AT&T: Good for investors, not so good for customers

AT&T (T) customers complain about dropped calls, glacial web-surfing speeds and shoddy coverage. Wall Street, on the other hand, loves the way the phone giant runs its network.

For an explanation of that disconnect, let's take a look at AT&T's third-quarter earnings, announced earlier today. The telecom's results topped Wall Street profit forecasts and delivered revenues in line with estimates. Shares gained about 2% in midday trading to around $26.40.

Here's where the numbers start to tell the story: AT&T activated a record 3.2 million iPhone customers over the quarter. But despite the huge ramp-up in these famously data-hungry devices, AT&T's capital spending actually dropped 24 percent to $4 billion from the same period a year ago. Partially as a result, free cash flow surged to $13.9 billion for the first three quarters of the year from $7.9 billion during the same period a year ago.

"If there was a surprise in the quarter, then, it was that the tsunami of capital spending to support all that data usage never came," Craig Moffett, an analyst at Sanford C. Bernstein wrote in a research report following the results.

In other words, the same tightfisted ways that drive some customers nuts have made AT&T a hit with investors. Shares of AT&T have outpaced rival Verizon Communications (VZ) by about a staggering 25% over the last five years. And Verizon is widely credited for having a more broadly available and more robust network, to most customers' delight.

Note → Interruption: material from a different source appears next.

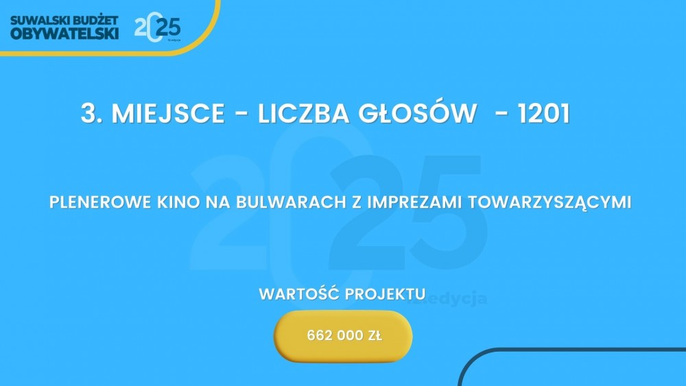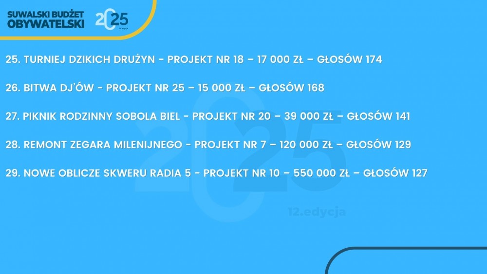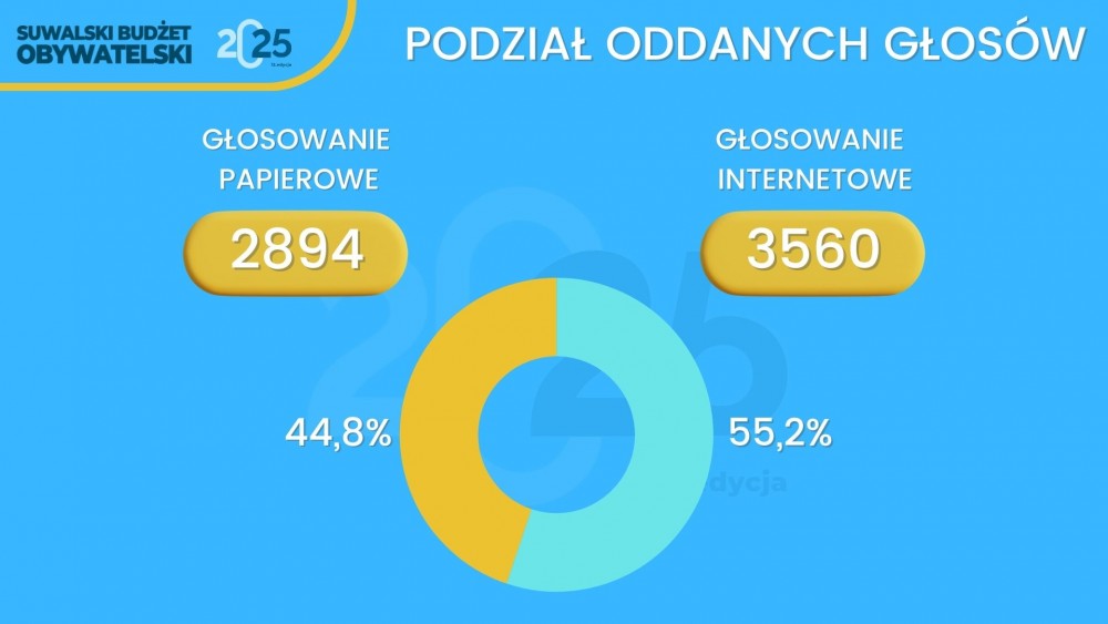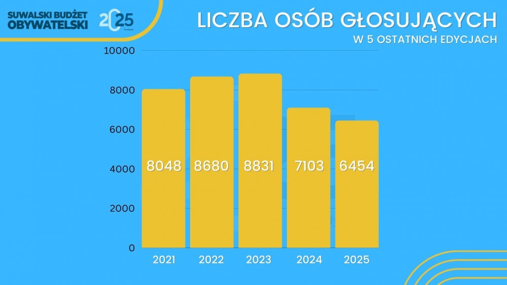 Dzisiaj poznaliÅ›my wyniki gÅ‚osowania na 29 projektów zakwalifikowanych do Suwalskiego Budżetu Obywatelskiego 2025. Martwi frekwencja, spada zainteresowanie suwalczan. Oddano 6 454 ważnych kart. To o 10 proc. mniej niż przed rokiem. To akurat można wytÅ‚umaczyć tym, że czas gÅ‚osowania przypadÅ‚ na poczÄ…tek wakacji, czyli trzeba jeszcze bardziej przyspieszyć wszystkie procedury.

It seems that AT&T's iPhone approach is shrewd when it comes to the bottom line. Sure, the company pays heavy subsidies to Apple (AAPL) for the devices. But AT&T gets to piggyback off the popularity of the iPhone while skimping on some of the massive costs that would come with putting up additional radio towers and building out a bigger network.

Nor is AT&T's thrift limited to wireless services. Reeling from landline losses, both Verizon and AT&T have responded by rolling out pay-TV services in addition to phone and broadband connections. Verizon will spend a total of $23 billion dollars on its FiOS service, which strings fiber optics to a customer's home.

But AT&T is spending only $7 billion on its U-verse service, which takes fiber to the neighborhood level but then pushes the massive amounts of data over the company's traditional copper lines. The service has been slammed for glitches by customers, but investors are so far cheering AT&T's much more limited approach.

When it comes to AT&T, investors may be better off buying the company's stock than its services.